ProcInfo process list retrieval module


The ProcInfo module gets a list of running processes.

Stealer Account Data Theft Module


The Stealer module is the so-called Pony Stealer, software for stealing user account passwords from various installed programs. The list of programs from which Pony steals passwords includes more than a hundred popular names, including many FTP clients, email programs (Outlook, Thunderbird) and wallet files (wallet.dat and electrum.dat) for storing keys of various cryptocurrencies:
In this Pony Stealer’s case is compiled as a DLL, and it loads like the rest of the modules.
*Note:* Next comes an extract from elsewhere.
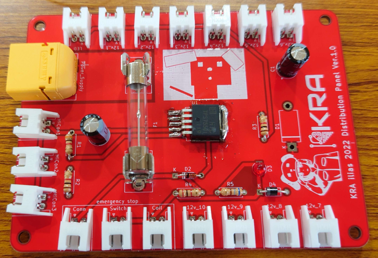 分電盤はLipoバッテリーの6セル(22.2V)から3.3 V、12 Vを供給し、スイッチで緊急非常停止が可能となる設計にしました。実際の写真が以下の通りです。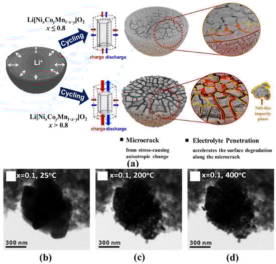 - Yan, P.; Zheng, J.; Gu, M.; Xiao, J.; Zhang, J.G.; Wang, C.M. Intragranular Cracking as a Critical Barrier for High-Voltage Usage of Layer-Structured Cathode for Lithium-Ion Batteries. Nat. Commun. 2017, 8, 1–9. [Google Scholar] [CrossRef]

The stolen data is sent to the address "http://185.82.217.244/g/g.php".

Banker payment order data substitution module


The most voluminous of the modules loaded by us, the Banker module replaces the details of the recipient in the text files of payment orders 1C (files 1c_to_kl.txt) when they are uploaded to remote banking systems (client banks).

Having received the appropriate command from the management server, the module implements its code in processes mainly belonging to web browsers and remote banking systems:

  • cbank.exe
  • cbmain.exe
  • chrome.exe
  • clbank.exe
  • firefox.exe
  • javaw.exe
  • jp2launcher.exe
  • iexplore.exe
  • opera.exe

The implemented code allows you to intercept the CreateFile function called when opening files: for example, when a user wants to upload a payment order to the client bank and if the open file has the extension “.txt”, it starts with the line “1CClientBankExchange” and contains a section named “Payment order” ". In this case, the fields are replaced with the details of the recipient in accordance with the data from the management server.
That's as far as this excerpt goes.